“Don’t Blink”

Over the course of the past few decades, a shift has taken place when it comes to what’s important to young talent entering the workforce.

“When I was growing up it was about what you wanted to do,” says Kirk Moriarty, Director of Downtown Development at Greater Fort Wayne Inc. “For millennials and others, it’s about ‘Where do I want to do this?’”

This shift has important implications for community development strategies, putting focus not just on economic opportunities, but also what Moriarty calls “building a quality of place.” 

“Our goal is to create a space, and a working environment, that is attractive to the workforce of the future,” he added. “The kind of people it’s so vital to attract.”


‘Quality of place’ is one of three key GFW Inc. objectives, designed to help facilitate the realization of a regional vision. The vision, articulated by the Regional Cities Initiative, is to grow the population of northeast Indiana from 750,000 to one million in the next ten years. This includes transforming Fort Wayne, the region’s metropolitan center, into a top 25 metro city in the U.S.

And development is underway to do just that. Specifically, Moriarty said, with the current Landing project.

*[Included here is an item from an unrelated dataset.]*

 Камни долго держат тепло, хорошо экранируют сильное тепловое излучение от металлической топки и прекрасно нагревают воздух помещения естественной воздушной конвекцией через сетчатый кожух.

“The Landing is a comprehensive redevelopment effort in Downtown Fort Wayne that looks at the last remaining vestiges of our history,” he said. “We have acquired seven buildings in order to execute an economic development project that is unified, has lasting ability, and revisits what it used to do 100 years ago — even 30 years ago — as a dynamic center of mercantile and entertainment.”

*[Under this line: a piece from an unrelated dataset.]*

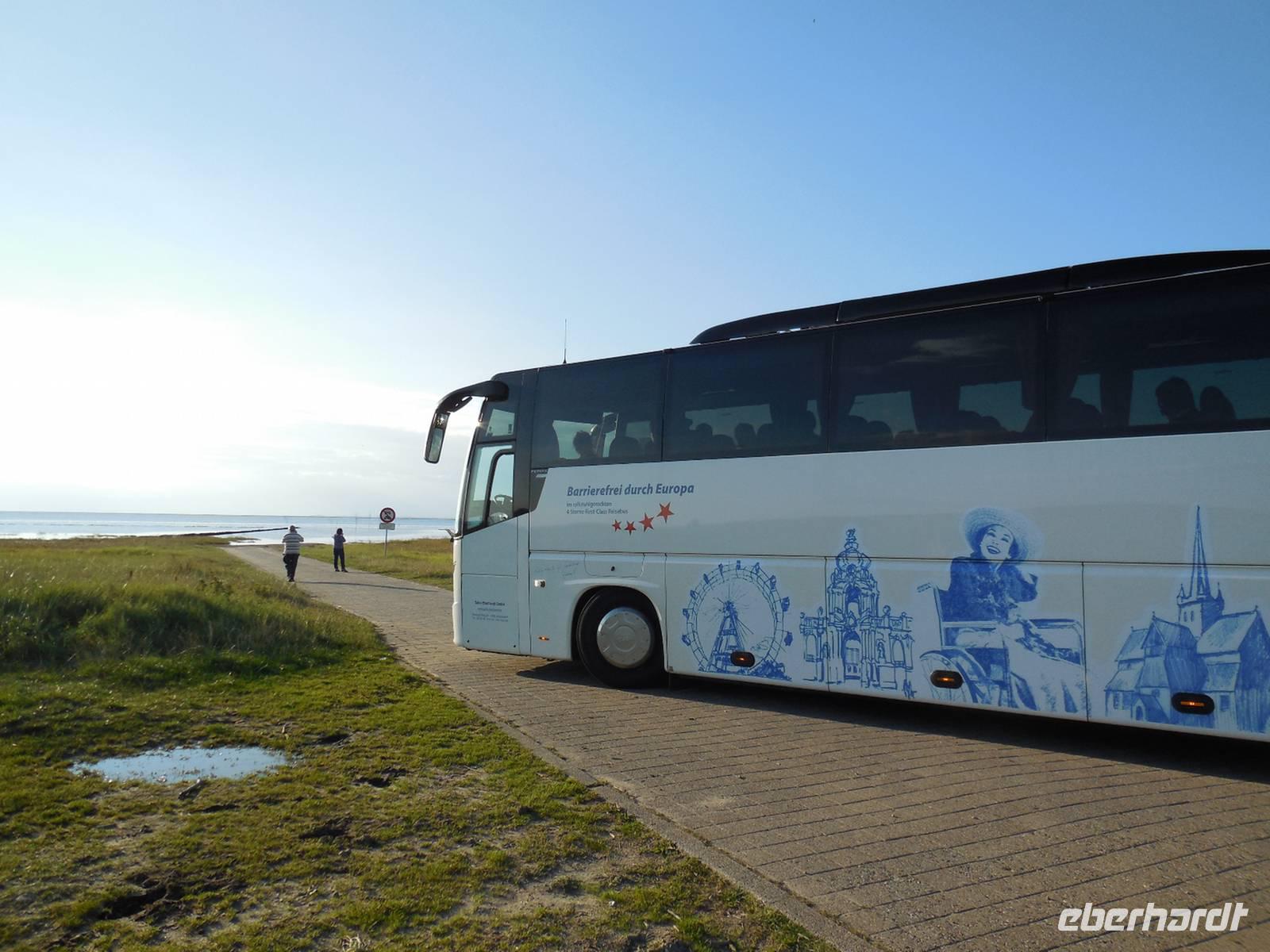 Gut gestärkt nach einem späten, sehr guten Frühstück entdeckten wir am späten Vormittag gemeinsam mit einer örtlichen Reiseleiterin die zweitgrößte Stadt Dänemarks. Wir haben, ganz tapfer bei Regen, Aarhus ohne Bus erlebt. Wir sind mit den Rollis bis zur tollen Kathedrale gewandert und haben uns diese dann von innen angeschaut. Unser Jens hat uns dann draußen mit dem Bus erwartet und dann waren wir wieder glücklich zurück im Bus. Jetzt war es schon Mittagszeit und wir wollten einen „echten dänischen Snack" probieren - den typischen Hot Dog. So haben wir an einem Imbiss 21 Hot Dogs bestellt und uns diese im trockenen Bus schmecken lassen. Wir haben auf einer Rundfahrt mit dem Bus die Stadt jetzt noch mehr kennengelernt und sind sogar durch die engen Straßen des Universitätsgeländes gefahren. Am Nachmittag sollten wir zur Kolding Burg fahren, haben uns aber spontan entschieden, lieber in den Nationalpark Mols Bjerge zu fahren. Ole, ein Bekannter von mir, hatte auch spontan Zeit, so dass wir eine tolle Rundfahrt auf der schönen Halbinsel Djursland unternommen haben, welche vor den Toren Aarhus liegt. Dadurch blieb uns bei dem Regen die lange Fahrt nach Kolding erspart und wir konnten die schöne Natur an der Ostseeküste genießen. Schließlich erreichten wir am Abend wieder unser Hotel und ließen Tag mit einem tollen Abendessen und einer geselliger Runde mit Wein, unerwarteten Cocktails ? und einer lustigen Stimmung an der Bar ausklingen.

Over the last ten years, Fort Wayne has designed and implemented a series of significant economic development projects, moving toward what Moriarty says has always been the ultimate focus: riverfront development. And now, after putting these ‘stepping stones’ into place, Fort Wayne is in a position to move forward on plans for the riverfront.

Moriarty said that the development team at GFW Inc. is working with individual business owners to help them find where they fit into this picture — figuratively and literally. He works to help investors find suitable space for their business.

“Given the particular limited availability at the street level, it’s a challenge,” he said. “And sometimes you have to get way out ahead of things to almost make space. [We have] personal relationships with business owners and brokers, to know what’s open and what fits best.”


It’s a massive and complex task, but Moriarty said that it’s made easier by the overwhelming support of the community. Groups like YLNI are very engaged and involved, and he said that GFW Inc. wants to take advantage of that, as well as their partners at the City of Fort Wayne.

“What’s really neat is that we [in Fort Wayne] are taking a great sense of pride and ownership. We tend to be softer-spoken about our accomplishments,” he added. “But slowly we’re becoming that community that’s a little more progressive and outspoken and proud of what we’ve done.”

And, he adds, what we continue to do.

“Don’t blink.” He says. Or you’ll miss “all the enormous change that’s here and that’s on the horizon.”